The variable table is a pandas.DataFrame which contains metadata about all UK Biobank variables in the input data files, along with cleaning rules. The data coding and type tables contain the same information about all UK Biobank data codings and types - these are merged into the variable table after being loaded. All of these tables are loaded by the loadVariableTable() function.

The processing table contains an ordered list of processing functions to be applied to the input data.

The category table contains collections of variable groupings; it is used to allow the user to select these groups by name, rather than having to use variable IDs.

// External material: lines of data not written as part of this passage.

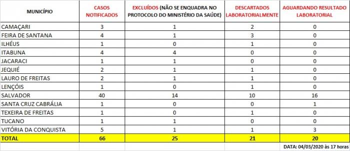 De janeiro até às 17 horas desta quarta-feira, 4 de março, a Bahia registrou 66 casos notificados com suspeita clínica de infecção pelo novo coronavírus, sendo 25 excluídos por não se enquadrarem no protocolo do Ministério da Saúde (MS), 21 foram descartados laboratorialmente e 20 aguardam análise laboratorial. Os municípios notificantes foram: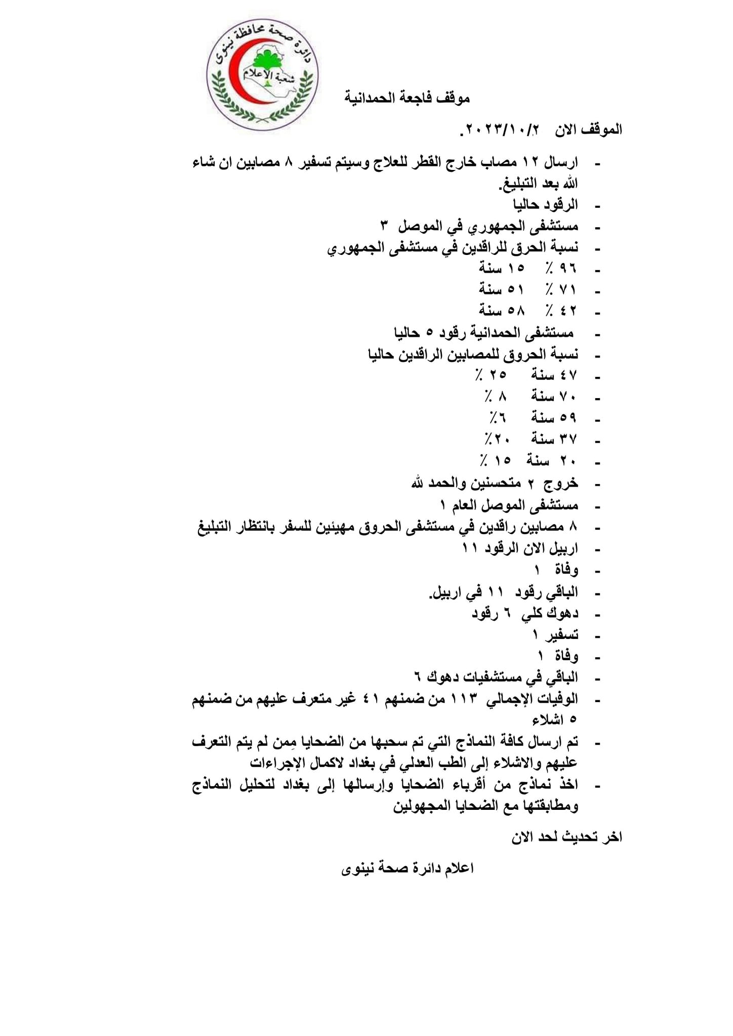 بهڕێوهبهرایهتی گشتی تهندروستی نهینهوا رایگهیاند، كۆی گشتی ئهو كهسانهی كه لهئهنجامی روداوی ئاگركهوتنهوهكهی قهزای حهمدانیه گیانیان لهدهستداوه گهیشتوهته 113 كهس و 41 كهسیان ناسنامهكانیان نهناسراوهتهوه.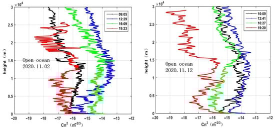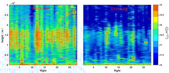 Similarly, the profiles of two moments, 7:40 in the morning and 19:40 in the evening, measured by the balloon-borne micro-thermometer over the offshore area are illustrated in Figure 4. In the figure, the x-axis and y-axis, respectively, represent the number of soundings and the height above ground level. Thirty profiles are displayed at every moment. Note that no matter whether morning or evening, the optical turbulence near the ground is strong, and there exists the strong turbulent layers from 10 to 18 km. With a comparison of the turbulence strength in the morning and evening, it is well visible that the value of in the morning is larger. It is notable that the differences in between morning and evening are relatively small near the ocean surface, but significantly large from 10 to 18 km. In the morning, the turbulence strength of the near-surface layer and the strong turbulence layer from 10 to 18 km are at the same magnitude. Compared with the morning, the turbulence strength near the surface in the evening is greater than the 10 to 18 km layer.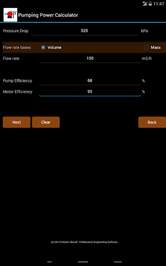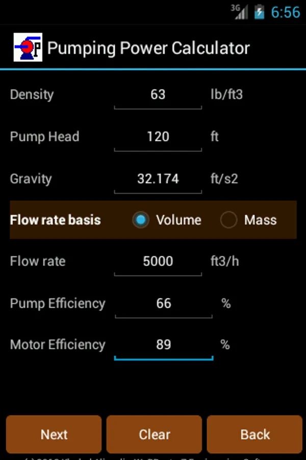 Pumping power calculator will accept input in SI and Metric measurement units and will calculate the following: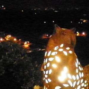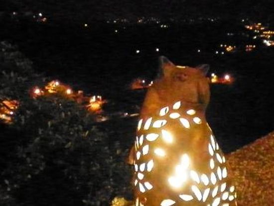 上に行く急な階段は、正直きつかった。私は喘息があるので途中ちょっと、息をととのえました。でも上がりきると、すぐ軽食(結構美味しくて満足)なので、その後は自由な歩調で見ることができました。幸いにも雨に降られることもなく、漆黒の夜空に並ぶ赤い提灯の階段と海風にふかれて茶寮の庭園?で鉄瓶からあがる湯気の音は、癒しそのものでした。娘と私、しばらく無言で時を楽しみました。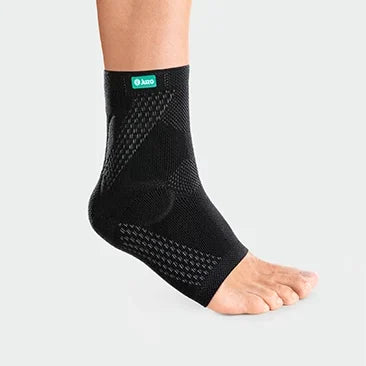 Em tecido de malha e com forma anatómica, Malleo Xtra adapta-se com flexibilidade à articulação, enquanto as suas microfibras, suaves para a pele, transportam a humidade para o exterior e garantem assim uma ótima regulação da temperatura. Duas almofadas de silicone de forma anatómica (calcanheiras de silicone) exercem, durante o movimento, um efeito de massagem sobre o tecido, que é assim estimulado.

`loadTables`	Loads the data tables used to run `funpack`.
`loadVariableTable`	Given variable table and datacoding table file names, builds and returns the variable table.
`addNewVariable`	Add a new row to the variable table.
`loadProcessingTable`	Loads the processing table from the given file.
`loadCategoryTable`	Loads the category table from the given file.
`categoryVariables`	Returns a list of variable IDs from `cattable` which correspond to the strings in `categories`.
`columnTypes`	Retrieves the type of each column in `cols` as listed in `vartable`.

funpack.loadtables.CATTABLE_COLUMNS = ['ID', 'Category', 'Variables']: The columns that must be in a category table file.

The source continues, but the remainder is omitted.